The movement was “continuing to be influenced by the low interest rate environment and increasing house prices”, the regulator noted.

At the same time, other measures of higher risk-residential mortgage lending fell, including the share of lending with high loan-to-valuation ratios (down by 0.6 percentage points to 8.6 per cent).

“Key measures of asset quality remain strong, although this may be impacted by recent lockdowns and the expected impact on borrower’s ability to service their loans,” APRA said.

Total assets across the banks, building societies and credit unions rose by 3.4 per cent over the June quarter, to $5.4 trillion, as there was a $136.8 billion boost in cash and liquid assets.
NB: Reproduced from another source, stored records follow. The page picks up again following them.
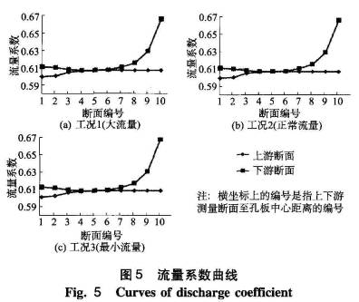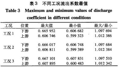 從圖中(zhōng)可以看(kan)出3種工(gōng)況,上遊(yóu)斷面的(de)流出系(xì)數随着(zhe)x1的增大(dà)逐漸變(biàn)大,且在(zai)斷面4達(da)到最大(dà)值後則(ze)不增加(jia)🍓;下遊斷(duàn)面的流(liú)出系數(shù)随着x2的(de)增加而(ér)又先減(jiǎn)小後變(bian)大的趨(qu)勢,且取(qu)🤟壓孔斷(duan)面距孔(kǒng)闆中心(xin)的距☎️離(lí)對流出(chu)系數影(yǐng)響更爲(wèi)明顯。不(bu)同工況(kuàng)下上下(xià)遊💔斷面(mian)流出系(xi)數最大(dà)值和🈲最(zuì)小值及(jí)其比值(zhi)如表3。從(cong)表3和圖(tú)4中可以(yǐ)看出流(liú)出系數(shù)和流量(liang)相關性(xìng)比較小(xiǎo),流出系(xi)🏃🏻數對下(xia)遊距離(li)較爲敏(min)感👉,下遊(you)各截面(miàn)上的🍓流(liu)出系數(shu)最大值(zhí)📱和最小(xiǎo)值之比(bi)爲🈲1.10。下遊(you)距離對(dui)流出系(xi)數🍓反應(ying)較爲遲(chí)鈍,上遊(you)🔴各截面(mian)上的流(liu)出系數(shu)最大值(zhi)和最小(xiǎo)值之比(bi)爲1.01。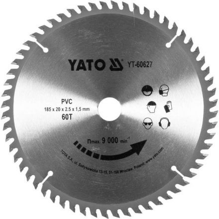 YATO Fűrésztárcsa PVC-hez 185 x 20 x 1,5 mm / 60T (YT-60627)
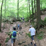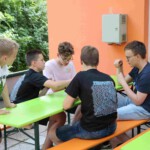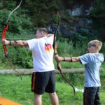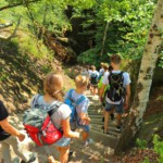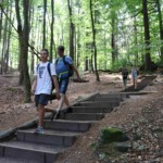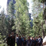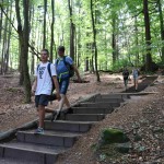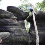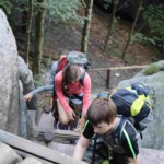 Am Mittwoch quälten sich alle sehr früh aus den Betten um sich für die Wanderung über den Klettersteig „Häntschelstiege“ zu rüsten. Nach einer kurzen Fahrt zum Beuthenfall, der Startpunkt unserer Wanderung, folgten wir einen schmalen Pfad bis zu den 60 m herausragenden Sandsteinfelsen. Mit viel Mut und Selbstvertrauen ausgestattet, nahmen alle die Stiege in luftiger Höhe in Angriff. Hier zahlte sich die bereits gewonnene Erfahrung der vorherigen Kletteraktionen voll aus. Nach einstündigem Aufstieg konnten alle bei bestem Wetter gemeinsam den herrlichen Ausblick auf die umliegende Landschaft genießen. Anschließend konnten sich noch alle am kleinen Turmfelsen versuchen und eine Birke als Rutsche zum Abstieg benutzen ähnlich wie eine Feuerwehrstange. Nach einer kurzen Strecke mit einigen Aussichtspunkten auf dem Plateau ging es auch schon wieder abwärts durch die „Wilde Hölle“. Auch hier mussten wir Klettersteige meistern und gelangten durch ein ausgewaschenes Flussbett über große Steine zurück ins Tal. Am Ende des Tages gab es als Belohnung für alle noch sehr leckere Marshmallow, welche im Bruchteil einer Sekunde verschwunden waren. Bis zur Geisterstunde wurde am Lagerfeuer gemütlich beisammen gesessen und mit vielen lustigen Geschichten die Nacht zum Tage gemacht.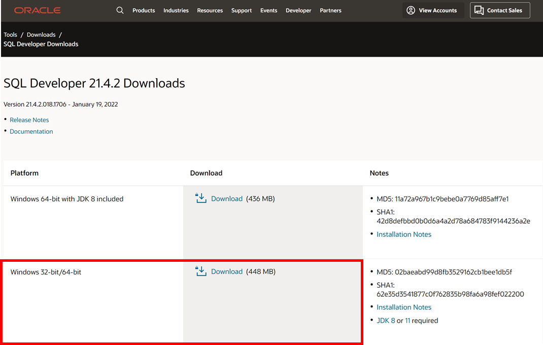 1. 오라클 홈페이지에서 SQL Developer 파일을 다운로드한다.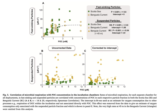 通過線性回歸分析耗氧與POC濃度關系,量化懸浮顆粒呼吸中45%(斯科舍海)和13%(本格拉寒流)由溶解有機碳(DOC)驅動(圖5B)。

Total deposits also hit a new historic high of $3.4 trillion, as at 30 June.

Meanwhile, net profit after tax (NPAT) across ADIs rose by 23.5 per cent from the year before, to $32.3 billion in financial year 2021, as the banks all released provisions for bad loans.

There had been a $10.4 billion reduction in charges for bad or doubtful debts, with the banks acting to reflect a better-than-previously-expected economic outlook.

Impaired assets and past due items across ADIs were down by 4 per cent year-on-year to $37.5 billion.

The banks’ cost-to-income ratio had also declined to 54.6 per cent for the year, from 56.1 per cent in the prior year, as operating expenses took a steeper fall (down 3.2 per cent) compared to operating income (down by 0.6 per cent).

The number of ADIs had also dropped during the June quarter, with three banks having their licences revoked: Investec Bank, Firefighters & Affiliates Credit Co-operative (which had been bought by Teachers Mutual Bank Ltd) and Lysaght Credit Union.